Currently, the parallel version of PARMILA uses the method of Ferrell and Bertschinger for charge deposition and field interpolation. The field equations are solved using an FFT-based technique to convolve the charge density on the grid with a Green function defined on the grid. Using standard techniques it is possible to treat a bunch of charge assuming open boundary conditions [4]. We have also implemented a procedure that uses open boundary conditions transversely and periodic boundary conditions longitudinally.

Performance

We have used the parallel version of PARMILA to perform linac simulations with 1-30 million particles.

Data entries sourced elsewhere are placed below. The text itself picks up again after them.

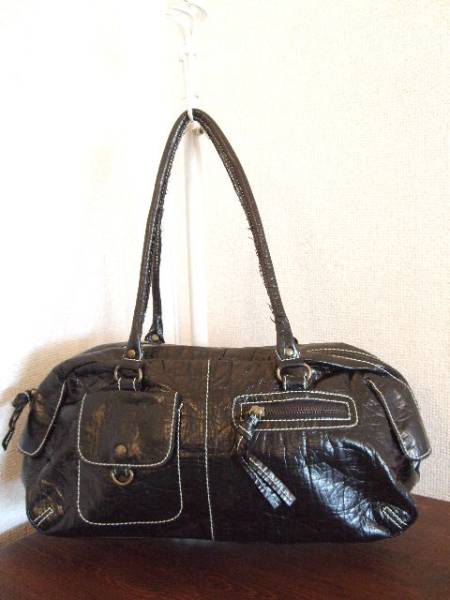 - 黒シワ加工合皮ボストンバッグ(USED)50814)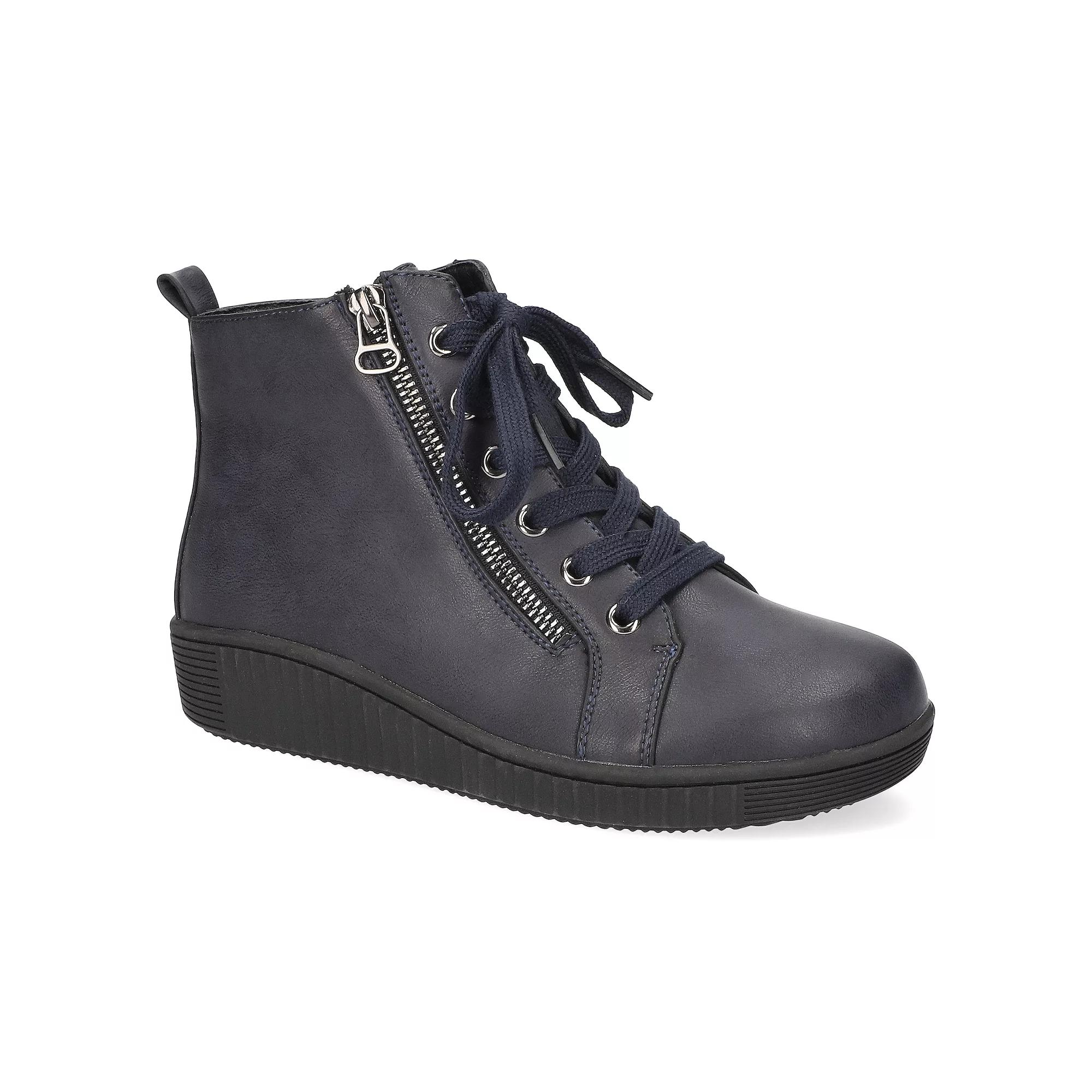 Step into effortless style and comfort with these ankle boots that perfectly blend fashion and function. Featuring dual zippers and chic lace-up detailing, they promise to keep you looking trendy while the slip-resistant outsole and cushy antimicrobial insole ensure you'll glide through your day with ease and comfort. Click this FOOTWEAR GUIDE to find the perfect fit and more! - https://www.kohls.com/feature/shoesizeguide.jsp. FEATURES: Stylish bootie design with inside and outside zippers, Lace-up detailing for a secure fit, Super-flexible and comfortable rubber outsole, Non-marking and slip-resistant outsole, Enhanced with Easy Motion Pro Comfort system, Removable antimicrobial contoured insole for all-day comfort, Built-in arch support for added comfort. FIT & SIZE: Ankle boot shaft, Boot shaft height: 5.5-in., Boot shaft circumference: 8.5-in. DETAILS: Zipper & lace-up closure, Slip-resistant outsole, Removable insole, Round toe, Platform height: 0.5-in., Heel height: 1.5-in., Imported. MATERIAL & CARE: Synthetic upper, Rubber outsole, Manmade lining, Foam footbed, Spot clean. Size: 7. Color: Navy Burnished. Gender: female. Age Group: adult.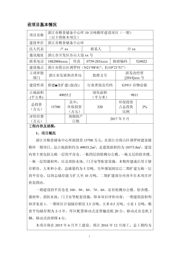 1、湛江市粮食储备中心库湛江市粮食储备中心库10万吨粮库建设项目环境影响报告表受理公告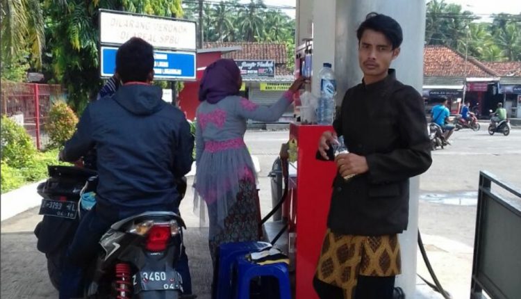 wartapriangan,com. BERITA PANGANDARAN. Ada yang unik di SPBU didepan Pasar Tradisional Kecamatan Parigi, Kabupaten Pangandaran, Kamis (21/4/2018). Semua karyawan wanita dan pria di tempat ini mengenakan busana tradisional saat bertugas.

For example, a 2 million particle simulation of a 1.7 GeV superconducting linac for the APT project required 3 hours on the 512 node partition of the CM5. The job used only 2 GBytes,well below the 14.3 GByte maximum for the partition, so much larger jobs are possible.

The success of the parallel approach depends on scalability, i.e., the ability to run larger problems in the same amount of time using more processors, or the ability to run problems of a fixed size in less time using more processors. (Note however that increasing the number of processors while keeping the problem size fixed cannot cause the execution time to decrease indefinitely: If the problem size is too small, the processors will do too little calculation, and the execution time will be dominated by communication.) The parallel version of PARMILA has excellent scalability as shown in Table 1:

Table 1: Scaling Results (3.75M particles, 64x64x64 grid)

Procs

CPU (min)

MEM (GB)

128

15.5

1.8

256

8.1

2.0

512

4.3

2.5



Conclusions/Future Work

We have developed a parallel version of PARMILA that runs on the CM5 at the Los Alamos Advanced Computing Laboratory. This version of the code is written in CM Fortran. In addition to moving the code to the CM5, we also replaced the 2D ( r,theta) space charge routine of the serial code with a new 3D (x,y,z) routine. Using the present version of the parallel code, simulations with 1-30 million particles are possible depending on the length of the linac being modeled. We plan to move the code to the new Cray T3E at the National Energy Research Scientific Computing Center. We expect a significant improvement in performance through the use of charge deposition and field interpolation routines that use message passing.

Acknowledgements

The author thanks Lawrence Rybarcyk, Frank Merrill, Robert Garnett, and Kenneth Crandall for helpful discussions about the PARMILA code. This research was supported by the U.S. Department of Energy, Office of Energy Research, through the Division of Mathematical, Information, and Computational Sciences, the Division of High Energy and Nuclear Physics, and by the Office of Defense Programs, Accelerator Production of Tritium program. This research was performed in part using the resources located at the Advanced Computing Laboratory of Los Alamos National Laboratory, Los Alamos, NM 87545.

References

[1] R. Ferrell and E. Bertschinger, Int. J. Mod. Phys. C, 5, (1994), 933-956.

[2] V. K. Decyk, Computer Physics Communications, 87, (1995), 87-94.

[3] J. Wang, P. Liewer, and V. Decyk, Computer Physics Communications, 87, (1995), 35-53.

[4] R. W. Hockney and J. W. Eastwood, Computer Simulation Using Particles, (Adam Hilger, New York, 1988).